I think the next decade is going to be tricker than the last decade for all investors looking to grow their money.. everything is so expensive; future returns have been sucked forward and there's not much upside left. The best thing we can do is make sure we're setting aside more of our income for investments. We can't control what the markets return, but we can control, to a greater extent, what we spend and save.
FTSE 250 a better bet instead of 100?
 

FTSE 250 a better bet instead of 100?
The FTSE 250 you are buying domestic UK relative to the FTSE 100.

The FTSE 100 is mostly banks, energy, materials and industrials etc. Lots of cyclical. Lots of ‘value’. What you will get from those companies however is relatively global revenue streams. Around 80% of the revenues from the FTSE 100 comes from outside of the U.K. It’s one of the reasons why the UK equity market has been negatively correlated to sterling in recent times (although that hasn’t always been the case).

So you are getting a bias towards fairly mature companies that are exposed to the global economic cycle. They tend to pay a decent yield (rather than earnings growth).

Hardly any tech whatsoever (which is one of the reasons why the U.K. market has lagged).

In many ways it’s kinda the opposite in make up to the US market.

The FTSE 250 is more exposed to domestic UK and so the U.K. economy which post brexit is a bit risky.

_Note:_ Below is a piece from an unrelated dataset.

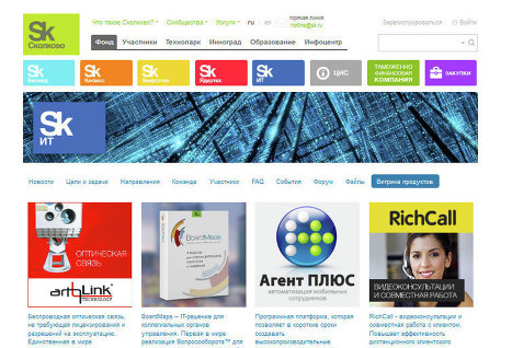 В данный момент на сайте «Сколково» выставлены 28 проектов, в том числе системы беспроводной оптической связи Artolink, системы видеонаблюдения Vocord, ПО Sodis Building M для автоматизированного мониторинга технического состояния зданий и инженерных систем, пакет Wobot Monitor для отслеживания онлайн-репутации в социальных медиа и многие другие программные и технические разработки.

You probably want a more global tracker (but again these have their own biases because the indices they track are constructed in different ways).
 
Yeah the midcaps have done much better, but you would be making an active bet in targetting that particular part of the market. By definition most Investors have their money in FTSE100 stocks which represent about 83% of the entire UK equity market. The midcaps make up about 10-12% and AIM and small caps make up the rest.